Stand first: There are many alarming statistics concerning liver cancer; especially if you are an Asian man:
For one, nearly 80% of all the cases in the world occur in Asia, and while it is only the fifth most common cancer in the world, it is the second most lethal. Another is that men are four times as likely to get it as women. It is also the number one cause of cancer death among men in their 40s and 50s 20 years earlier than other major cancers like lung cancer and colorectal cancer; often striking men down when they are at the height of their economically productive years and have the most family commitments.

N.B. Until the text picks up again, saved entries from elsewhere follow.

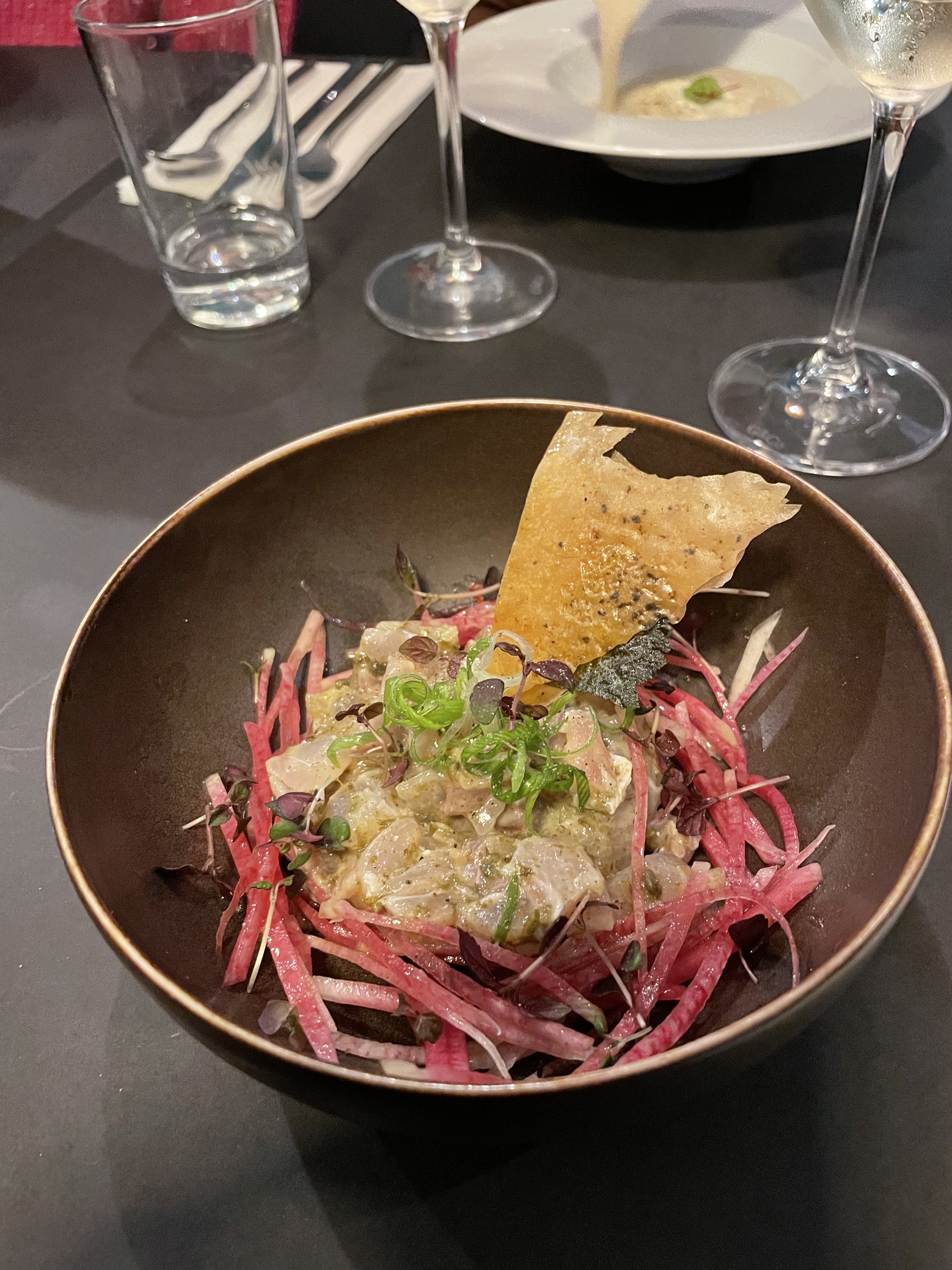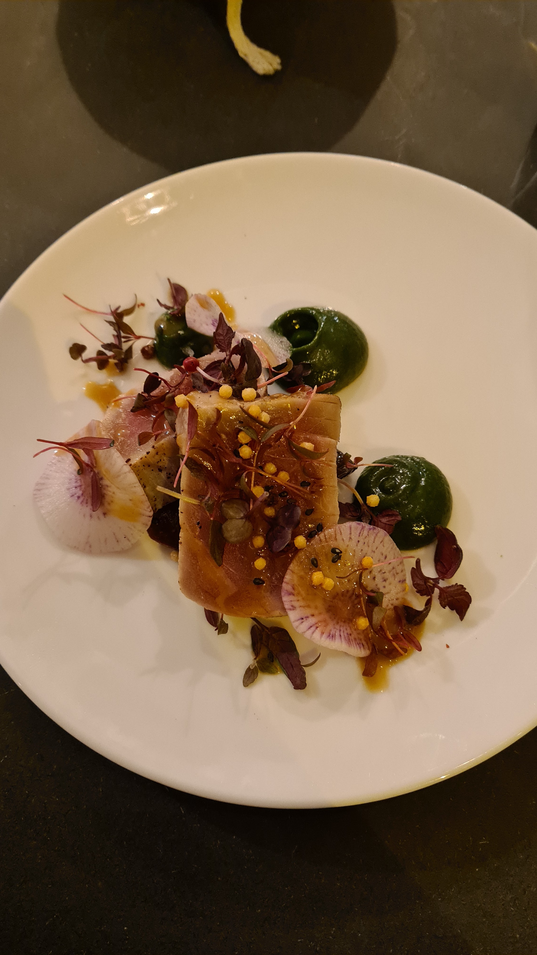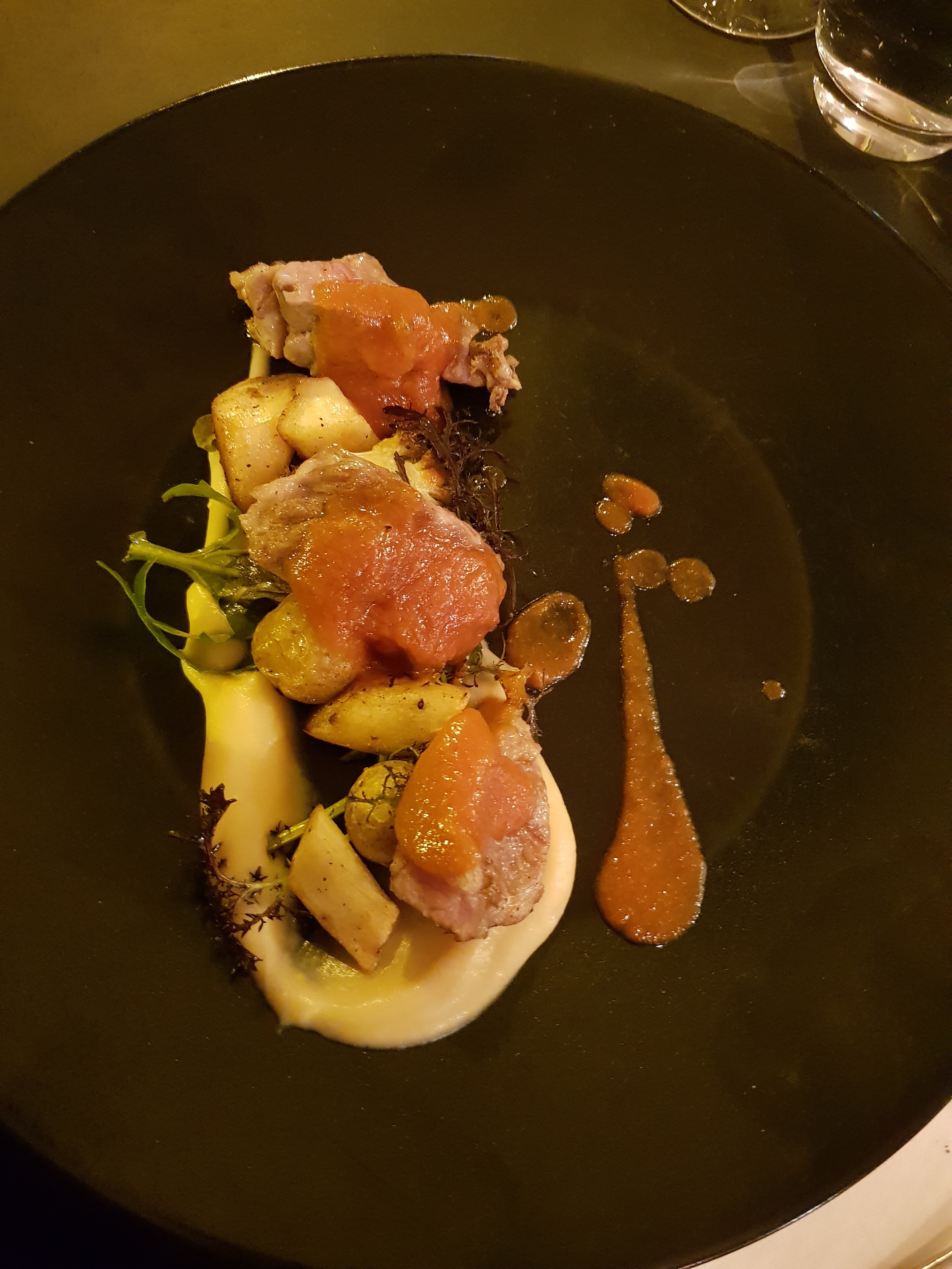 Excellente expérience culinaire. une cuisine délicieuse combinée à une belle sélection de vins. fortement recommandé.
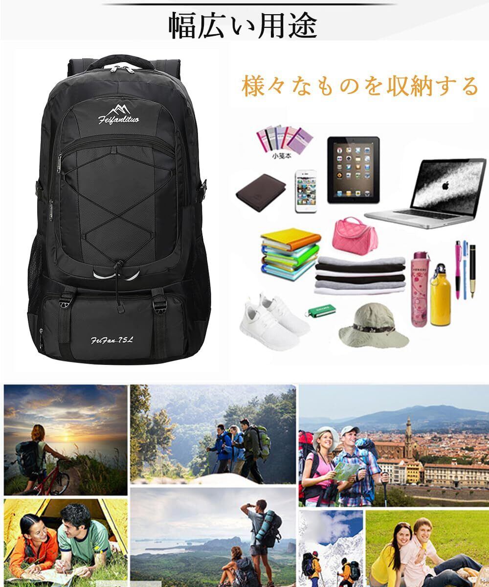 75Lの大容量にもかかわらず、軽量で扱いやすい設計です!高品質な素材を使用し、耐久性に優れた作りになっています。長時間の使用でも疲れにくく、持ち運びも快適です。旅行やアクティブなライフスタイルをサポートします。
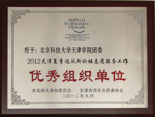 2012年夏季達沃斯論壇在天津梅江會展中心舉行。金沙城js93線路檢測中心7名青年志愿者按照論壇籌委會、團市委、市青年志愿者協(xié)會的要求,秉承“奉獻、友愛、互助、進步”的志愿精神,用自己的優(yōu)質(zhì)服務,向中外來賓展現(xiàn)了北京科技大學天津?qū)W院青年志愿者的良好服務形象和精神風貌,同時也得到了天津市相關部門的贊揚與肯定。最終,金沙城js93線路檢測中心團委被評為“2012天津夏季達沃斯論壇志愿服務工作優(yōu)秀組織單位”。
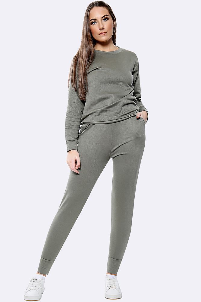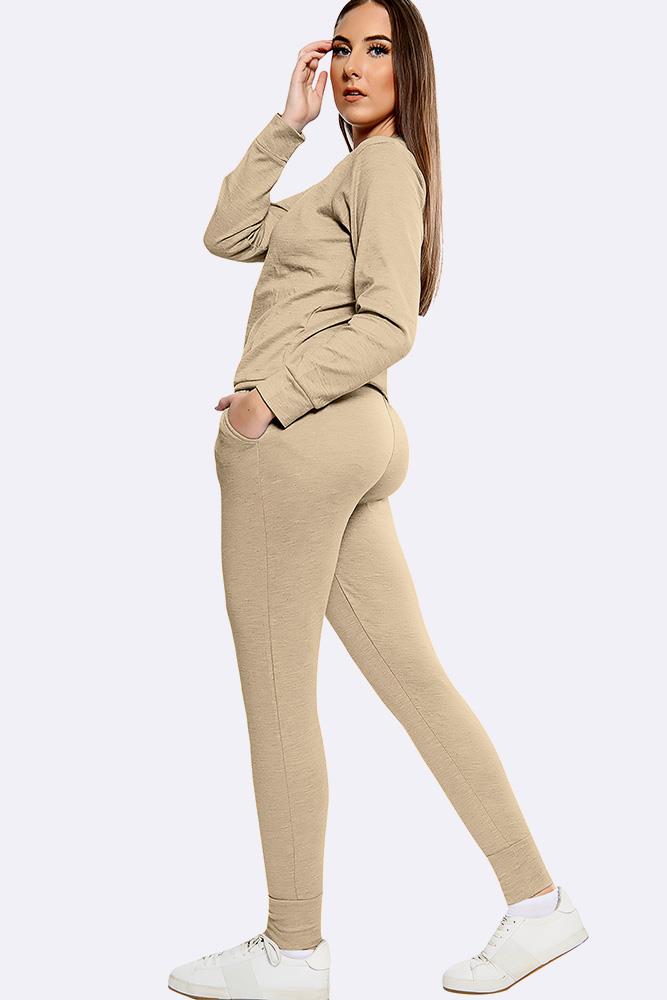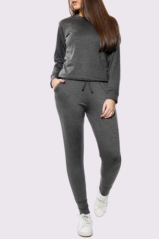 PLAIN LONG SLEEVE TOP LOUNGWEAR TRACKSUIT
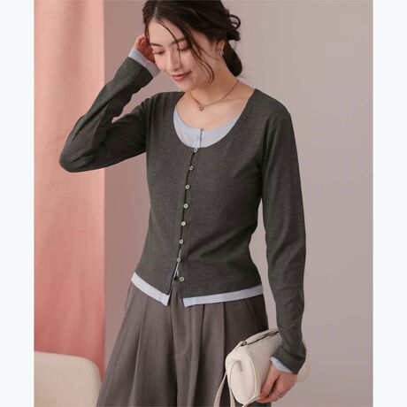 ・レイヤードしているように見える、1枚でこなれた重ね着コーデが完成する旬トップス
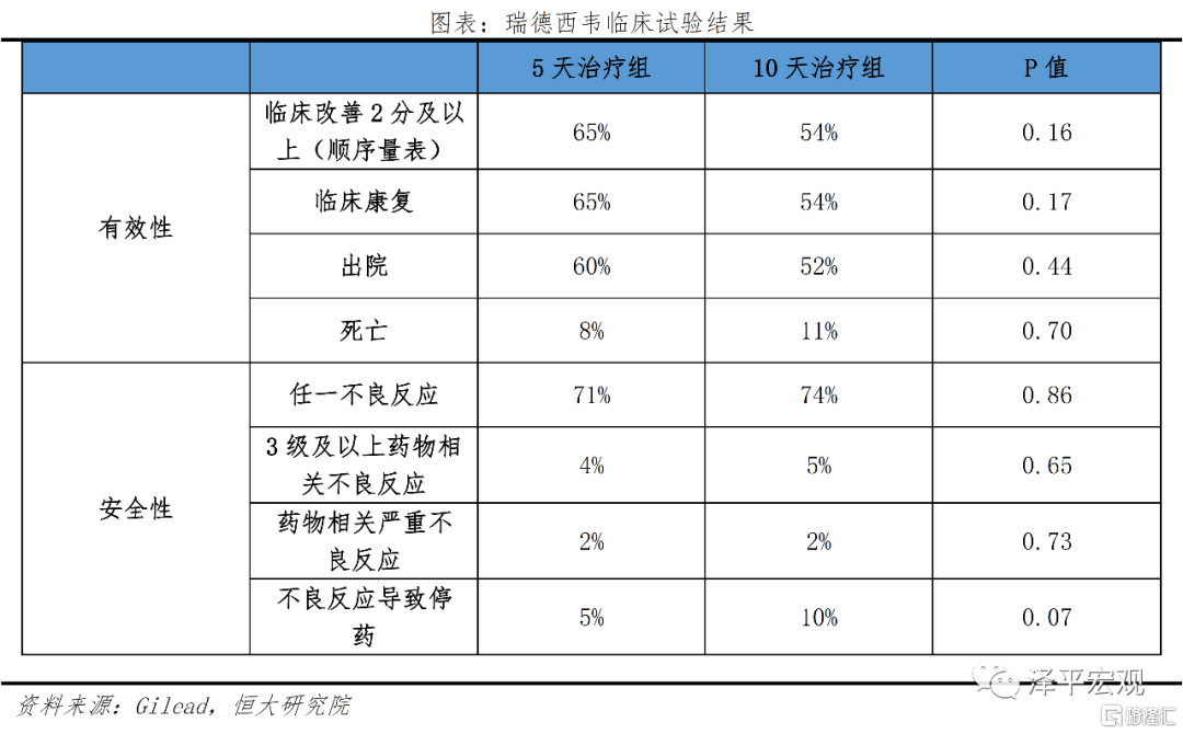 药物方面,目前针对新冠肺炎的药物研发分为抗病毒药、中和抗体和抑制细胞因子风暴药物三类,瑞德西韦临床试验结果预示短期内无特效药。抗病毒药方面,此前瑞德西韦被认为最有希望,4月29日,吉利德公布了瑞德西韦的一项开放标签临床试验结果,表明瑞德西韦对新冠肺炎有治疗效果,且5天治疗比10天治疗更有效,但重症病死率在8%-11%左右,说明瑞德西韦并不是特效药。对于瑞德西韦的确切疗效,预计将在其正在进行中的双盲随机对照临床试验结束后明确。中和抗体和抑制细胞因子风暴药物方面,已有至少10余个中和抗体和抑制细胞因子风暴候选药物处于研发阶段,有望降低新冠肺炎重症的死亡率,但短期内难以研发成功。
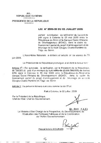 portant autorisation de ratification de l'accord de prêt signé à Cotonou le 05 mai 2009 entre la République du Bénin et la Banque Ouest Africaine de d...
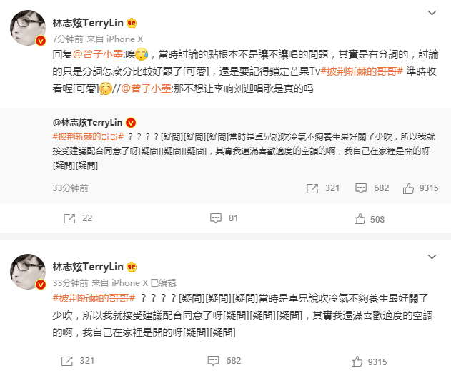 随后《披荆斩棘的哥哥》为了拆穿林志炫说谎,竟然在花絮中播放了赵文卓不开空调的原因,赵文卓表示,是因为林志炫说开空调会嗓子干,所以才不开的。

There used to be another scary thing about liver cancer, AKA hepatocellular carcinoma (HCC); for many years there was only one drug to treat advanced HCC. Once that single, first-line therapy was no longer effective, doctors had no second line drug to fall back on.
That was the situation for more than a decade but recently that has changed as advances in immunotherapy and targeted therapies have produced new first and second-line drugs that have significantly improved the prognosis for advanced HCC patients. In the last year several of them have been approved for use in Singapore and other Asian countries.
Dr. Choo Su Pin, the President of Singapore Society of Oncology, and a Senior Medical Oncologist at Mount Elizabeth Novena Hospital in Singapore, was involved in some of the research and trials that led to several of those new therapies being approved.
We recently had an opportunity to ask her about the impact of HCC and what the new therapies mean for patients.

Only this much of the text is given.